* What you are asked to do: Would you please output all the records exactly as given? Pictures should not appear in the copy.

* Dataset content:
______

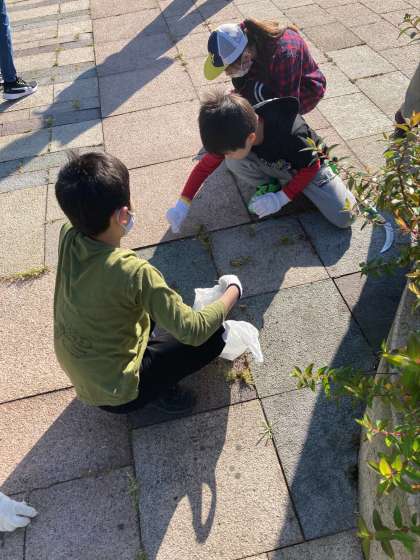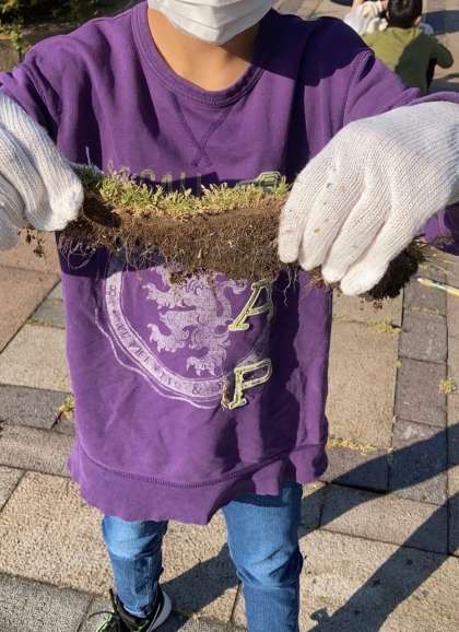 草むしりを農作物の収穫のように大喜びしている児童、参加している中学生の中には去年までの懐かしい顔もちらほら。
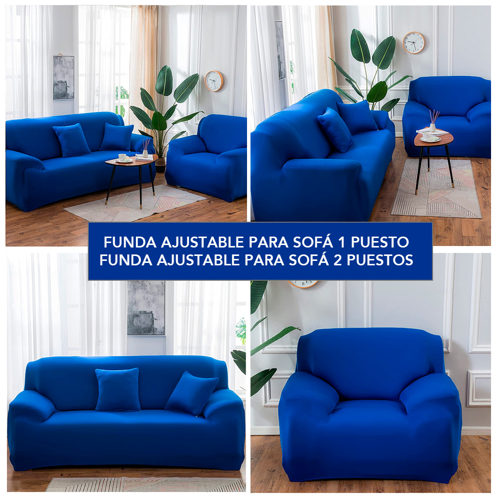 Combo Funda Ajustable Azul Rey para Sofá de 1 Puesto + Funda para Sofá de 2 Puestos
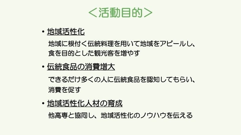 また、全国各地の高専の技術力を活用して、各地の伝統食品を盛り上げていきたいです。
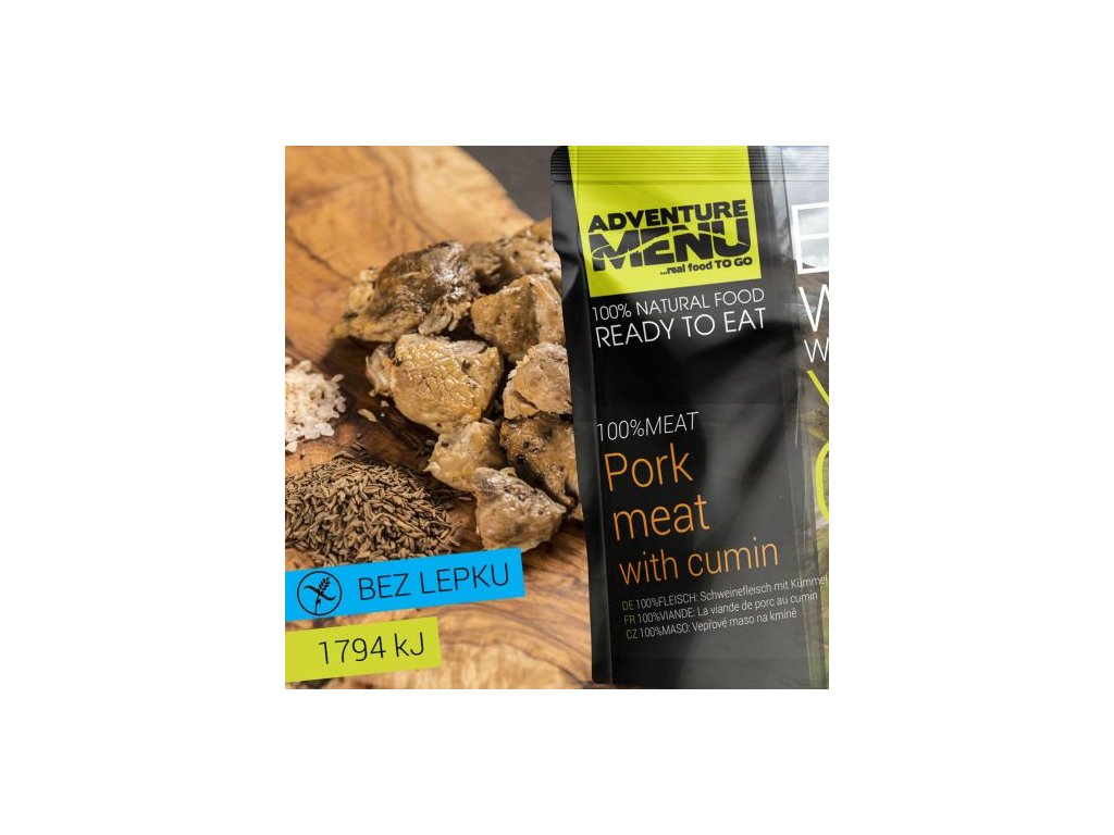 Libové kousky vepřového masa ve vlastní šťávě pečené v páře na kmínu. Jedno balení obsahuje maso o hmotnosti 300g (v syrovém stavu). Díky pečení v páře došlo ke zredukování přebytečné vody a výsledkem je velmi nízká hmotnost 200g při zachování šťavnatosti samotného masa.
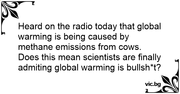 Heard on the radio today that global warming is being caused by methane emissions from cows. Does this mean scientists are finally admiting global warming is bullsh*t?
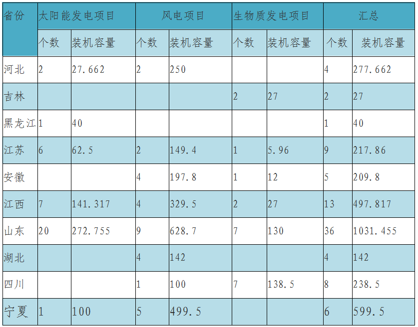 以下為本次公布的集中式可再生能源發(fā)電項(xiàng)目詳情:
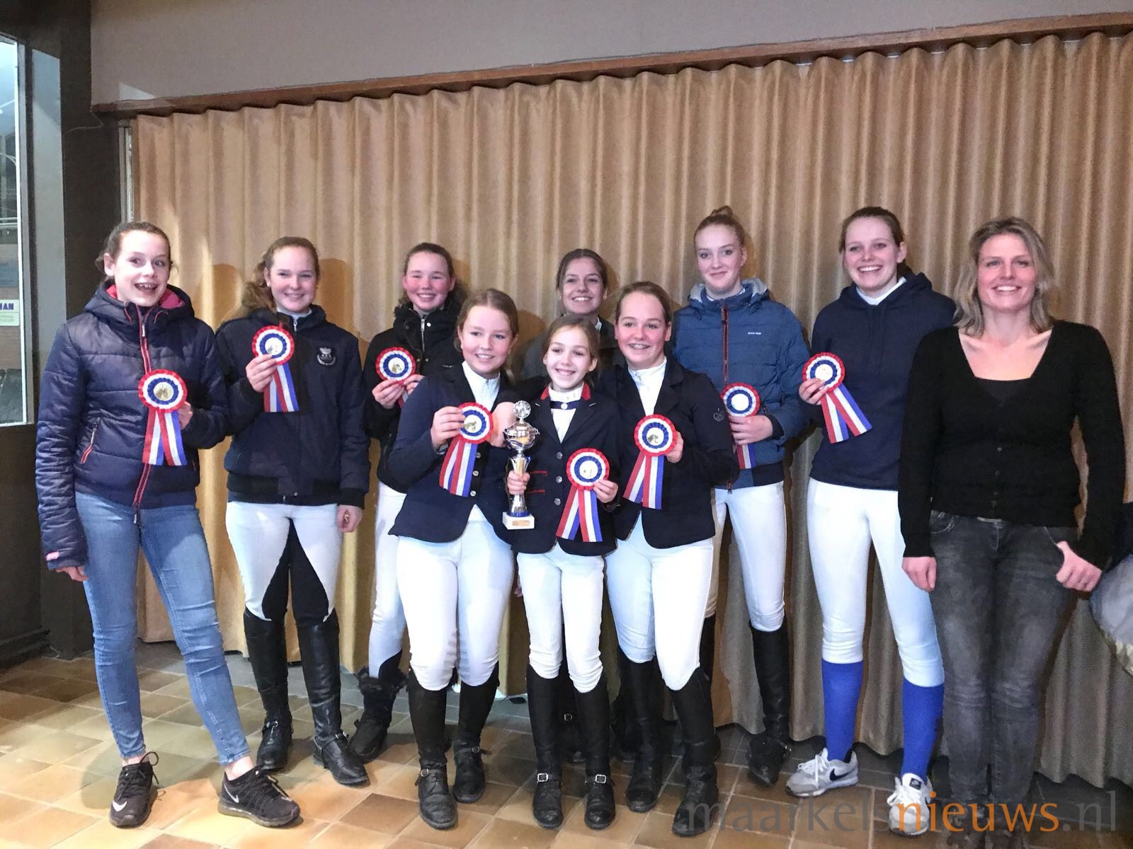 De ruiters van Ponyclub Markelo hebben zich gisteren tijdens de verenigingskampioenschappen bij Manege Hoffmeijer in Ambt-Delden succesvol in de prijzen weten te rijden. In drie categorieën kwamen de leden van de vereniging met hun pony aan de start. Zowel bij het springen en de dressuur individueel als ook een viertal lieten de combinaties zien wat zij in hun mars hadden. Een spannende race tussen de deelnemende verenigingen die uiteindelijk zou worden beslist door Ponyclub Achter’n Bos en Ponyclub Markelo. Het Markelose viertal had de hoogste score, de dressuurruiters behaalden een tweede plaats en ook de springruiters reden foutloos rond waardoor uiteindelijk als vereniging, een welverdiende tweede prijs in de wacht werd gesleept.

______

* Output:
 草むしりを農作物の収穫のように大喜びしている児童、参加している中学生の中には去年までの懐かしい顔もちらほら。
 Combo Funda Ajustable Azul Rey para Sofá de 1 Puesto + Funda para Sofá de 2 Puestos
 また、全国各地の高専の技術力を活用して、各地の伝統食品を盛り上げていきたいです。
 Libové kousky vepřového masa ve vlastní šťávě pečené v páře na kmínu. Jedno balení obsahuje maso o hmotnosti 300g (v syrovém stavu). Díky pečení v páře došlo ke zredukování přebytečné vody a výsledkem je velmi nízká hmotnost 200g při zachování šťavnatosti samotného masa.
 Heard on the radio today that global warming is being caused by methane emissions from cows. Does this mean scientists are finally admiting global warming is bullsh*t?
 以下為本次公布的集中式可再生能源發(fā)電項(xiàng)目詳情:
 De ruiters van Ponyclub Markelo hebben zich gisteren tijdens de verenigingskampioenschappen bij Manege Hoffmeijer in Ambt-Delden succesvol in de prijzen weten te rijden. In drie categorieën kwamen de leden van de vereniging met hun pony aan de start. Zowel bij het springen en de dressuur individueel als ook een viertal lieten de combinaties zien wat zij in hun mars hadden. Een spannende race tussen de deelnemende verenigingen die uiteindelijk zou worden beslist door Ponyclub Achter’n Bos en Ponyclub Markelo. Het Markelose viertal had de hoogste score, de dressuurruiters behaalden een tweede plaats en ook de springruiters reden foutloos rond waardoor uiteindelijk als vereniging, een welverdiende tweede prijs in de wacht werd gesleept.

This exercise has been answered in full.